All this cannot be analyzed any more than the down on a butterfly’s wing; and yet it is such a simple tale, but how suggestive! There is no exaggeration; it is only one of the accidents of life. The poor woman feels that if one believes in God, there are things of more importance than her little misfortune. The point which is most strongly brought forward, however, in this tale, and in nearly all the others, is the almost stoical resignation, peculiar to the Russian peasant, who seems prepared to endure anything. This author’s talent lies in his keeping the exquisite balance between the real and the ideal; every detail is strikingly and painfully real, while the ideal shines through and within every thought and fact. He has given us innumerable pictures of master, overseer, and serf; clothing every repulsive fact with a grace and charm, seemingly almost against his will, but which are born of his own poetical nature.

It is not wholly correct to say that Turgenef attacked slavery. The Russian writers never attack openly; they neither argue nor declaim. They describe, drawing no conclusions; but they appeal to our pity more than to our anger. Fifteen years later Dostoyevski published his “Recollections of a Dead-House.” He took the same method—without expressing a word of indignation, without one drop of gall; he seems to think what he describes quite natural, only somewhat pathetic. This is a national trait.

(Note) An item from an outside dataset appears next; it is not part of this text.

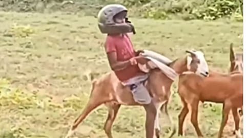 व्हायरल होत असलेल्या या व्हिडीओमध्ये तुम्ही बघू शकता की रिकाम्या शेतात हेल्मेट घातलेला मुलगा बकरीवर बसला आहे आणि बकरीही मजेने चालत आहे. जसे लोक घोड्यावर बसतात तसे हा मुलगा हेल्मेट घालून बसला आहे. मुलाची स्टाईल पाहता तो घोड्यावर स्वार आहे असे दिसते. याशिवाय, मुलाने बकरीच्या गळ्यात एक कापड पकडून तिच्या दोन्ही टोके आपल्या हातांनी धरली आहेत. पण काही अंतर गेल्यावर तुम्हाला दिसेल की मुलाचा पाय जमिनीवर अडकला आणि तो खाली पडला.

Once I stopped for one night at an inn in Orel, our author’s native place. Early in the morning, I was awakened by the beating of drums. I looked down into the market-place, which was full of soldiers drawn up in a square, and a crowd of people stood looking on. A pillory had been erected in the square, a large, black, wooden pillar, with a scaffolding underneath. Three poor fellows were tied to the pillar, and had parchments on their backs, giving an account of their misdeeds. These thieves seemed very docile, and almost unconscious of what was being done to them. They made a picturesque group, with their handsome Slavonic heads, and bound to this pillar. The exhibition lasted long; the priests came to bless them; and when the cart came to carry them back to prison, both soldiers and people rushed after them, loading them with eatables, small coins, and words of sympathy.

The Russian writer who aims to bring about reforms, in like manner displays his melancholy picture, with spasms of indulgent sympathy for the evils he unveils. The public needs but a hint. This time it understood. Russia looked upon serfdom in the mirror he showed her, and shuddered. The author became celebrated, and his cause was half gained. The censorship, always the last to become convinced, understood too, at last. Serfdom was already condemned in the heart of the Emperor Nicholas, but the censorship does not always agree with the Emperor; it is always procrastinating; sometimes it is left far behind, perhaps for a whole reign. It will not condemn the book, but keeps its eye upon the author.

Gogol died at this time, and Turgenef wrote a strong article in praise of the dead author. This article appears to-day entirely inoffensive, but the author himself thus speaks of it:—

“In regard to my article on Gogol, I remember one day at St. Petersburg, a lady in high position at court was criticizing the punishment inflicted upon me, as unjust and undeserved, or, at least, too severe. Some one replied: ‘Did you not know that he calls Gogol “a great man” in that article?’ ‘That is not possible.’ ‘I assure you he did.’ ‘Ah! in that case, I have no more to say; I am very sorry for him, but now I understand their severity.’”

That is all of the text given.